I have a 2004 GTO with the trunk latched jammed. I suspect my wife accidentally closed the door on a jacket wedging it into the lock mechanism.

I know about all of the trunk releases:
- remote causes the mechanism to click but it won't open
- glove box buttom causes the mechanism to click but it won't open
- manual pull cable behind rear passenger head rest pulls about 3 inches
but does not release latch
- emergency pull cable in trunk, can't reach

I've tried pushing down and lifting up on the trunk lid while attempting to unlatch it all possible ways repeatedly, no joy. Tail light backs on solid wall, can't break it and enter that way. From back seat, gas tank is in the way, I THINK, so I don't think I can access the trunk by removing the rear seats.

What is the cheapest way to break into the trunk? or is there any access to the trunk with the rear seats out? Unless someone can come up with a solution, my one option is to just pull on the trunk until either the lock breaks or the lid bends. Only other thought, deliberately break the lower plastic trim on the door and try to find a way to force or destroy the lock.

HELP!!!!! This is looking like a very expensive jacket... IDEAS????
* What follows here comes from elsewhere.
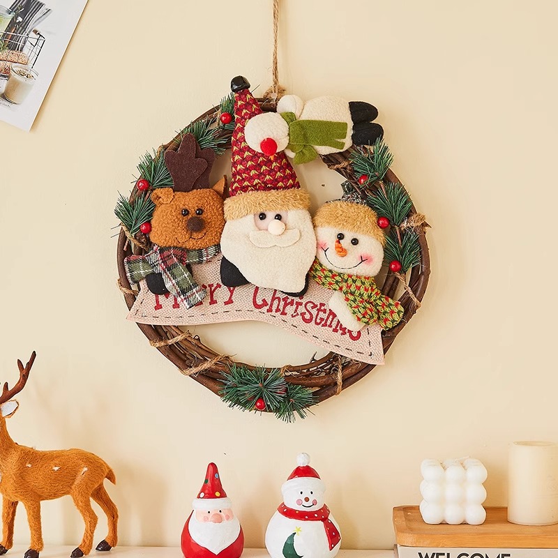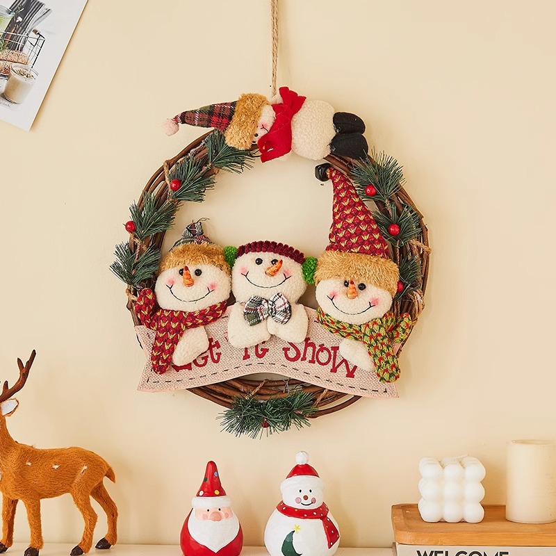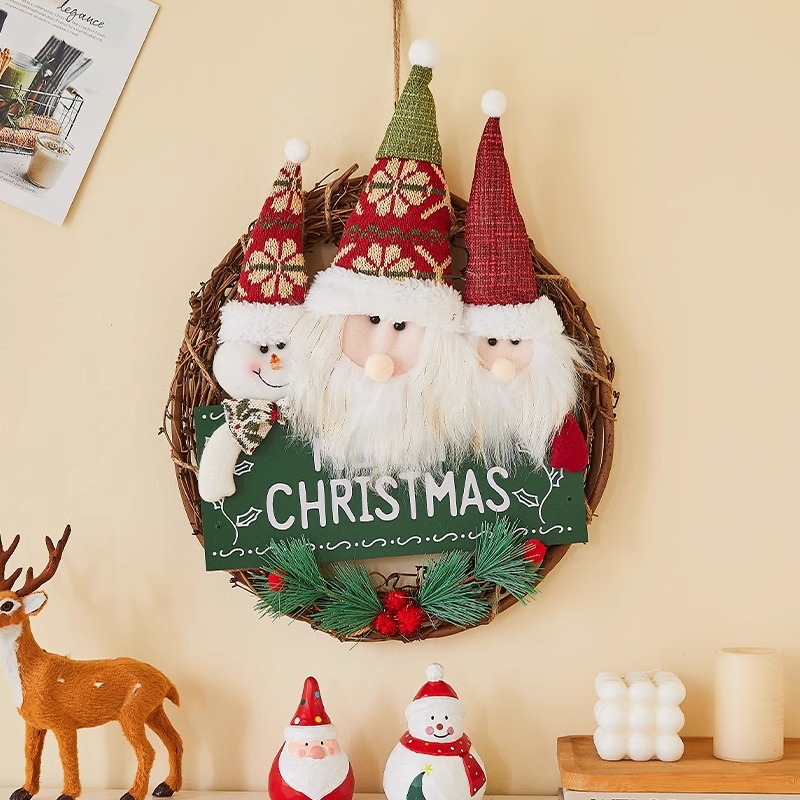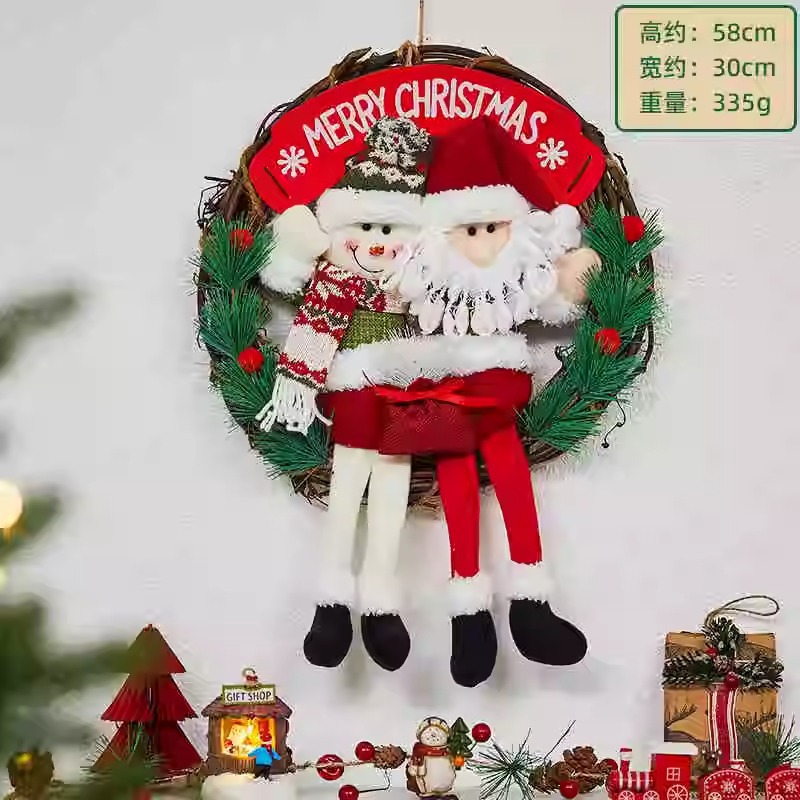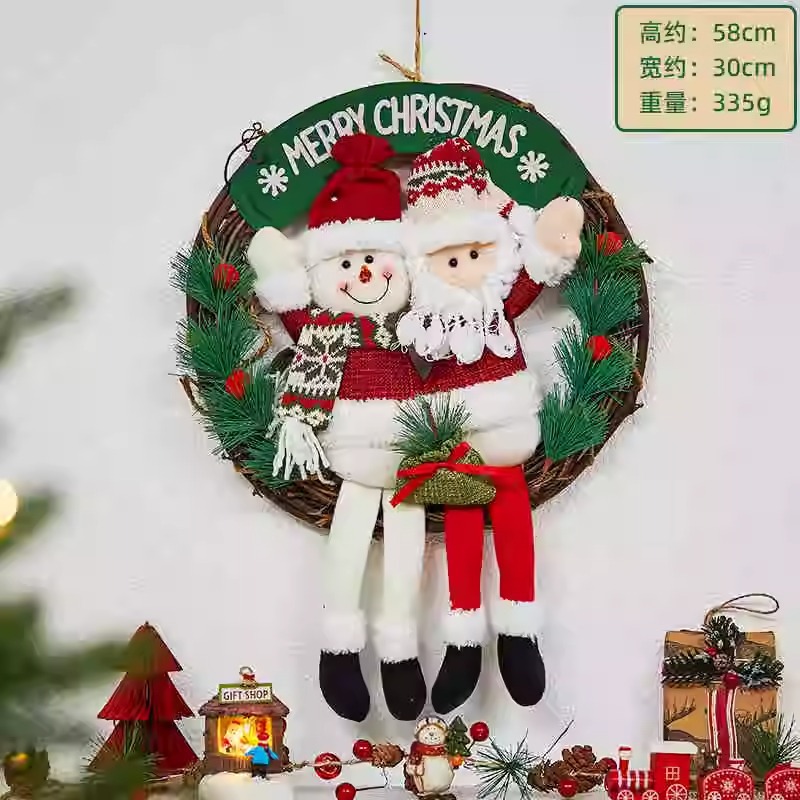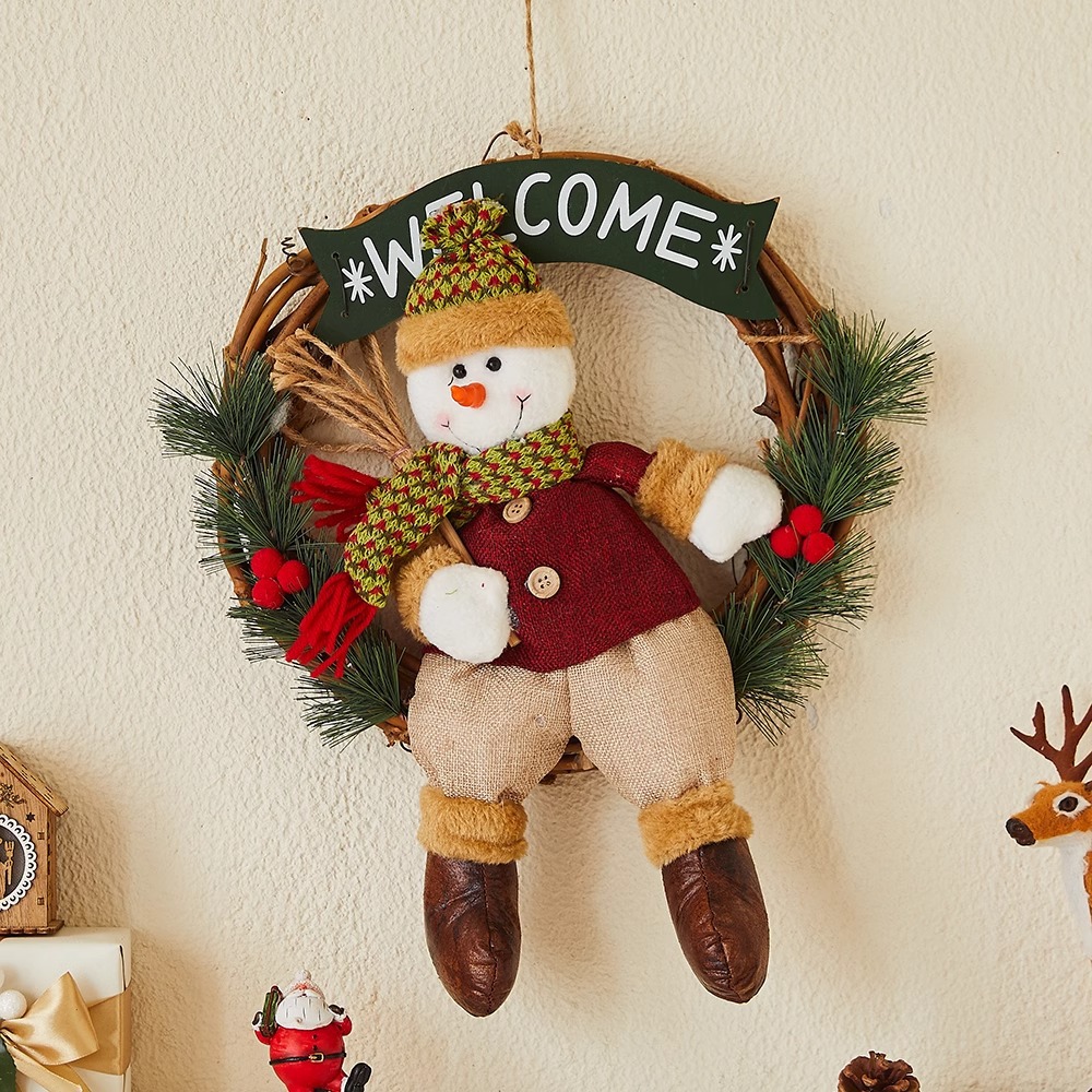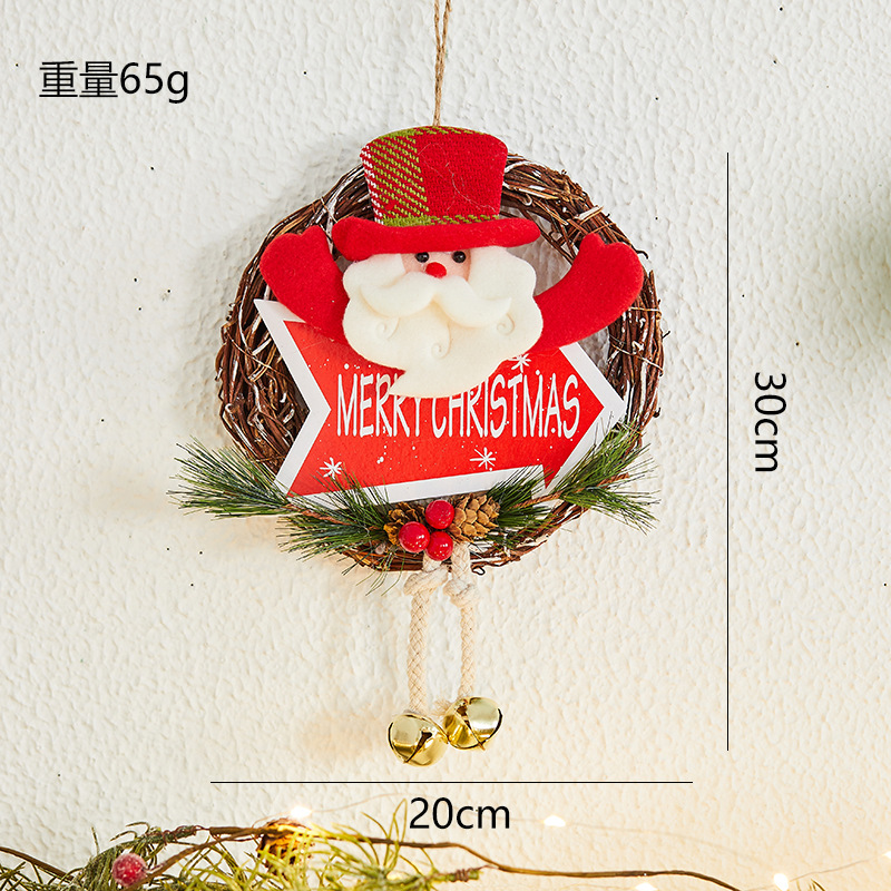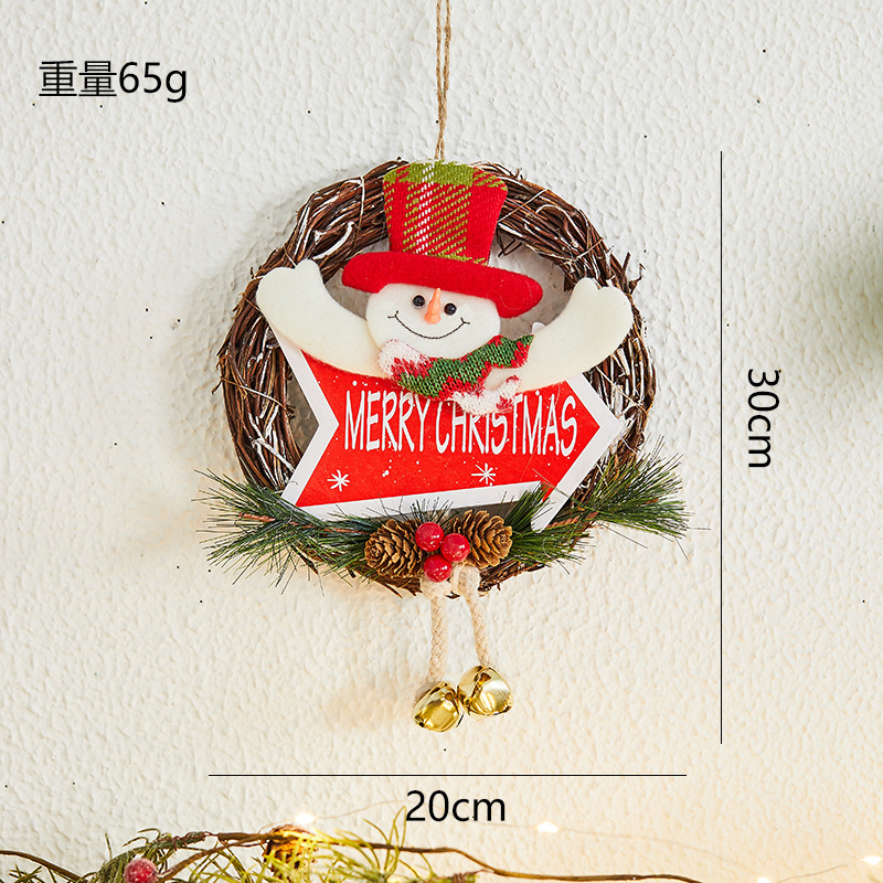 크리스마스 장식 창조적 인 등나무 링 벨 창 유리 문 벽 펜던트 장면 레이아웃 화환 노인 눈사람

Is there any access if I take off the rear bumber????


----------



## dquack (Oct 28, 2009)

Well with seat removed and rear speakers removed I think your only option will be from the speaker holes which doesn't give you alot of space. Seems like a bad spot, but getting it open without damage is doable. How hard have you pulled on the trunk? I always open mine from the license plate lip. Let me look at mine and see if I can figure out a way for you to get it open. Will post back soon.


----------



## jim_nonymous (Apr 10, 2010)

SUCCESS!!! With the rear seats removed, yes you are correct, there is access via the speaker holes. One hand in the left hole with a socket wrench and a 20inch extension (1/2 inch hex just in case anyone else has the same issue), one hand in the right hole with a flashlight and peeking through one of the deck lid vent holes I was able to remove the bolt holding the lower portion of the latch. Of course, it still will not come out, just provides a little play. Just enough play to allow me to ram a crow bar between the lock and the lower part of the latch. Twisting the whole thing to the side, my son was able to force it open.
Incredibly, the release mechanism jammed all by itself, no clothing stuck in it. The electrical release snapped the tie rod attached to the release mechanism and the manual cable release likewise snapped while trying to activate the jammed release. As soon as I got the release out, you guessed it, it unjammed and appears to be working perfectly again. Replacing it anyway. Don't feel like doing this again.


----------



## dquack (Oct 28, 2009)

Congrats - glad it worked out for you. I never even got to look on mine any further been messing with my oil filter leaking, so that has me busy right now. Glad you finally got it open.


----------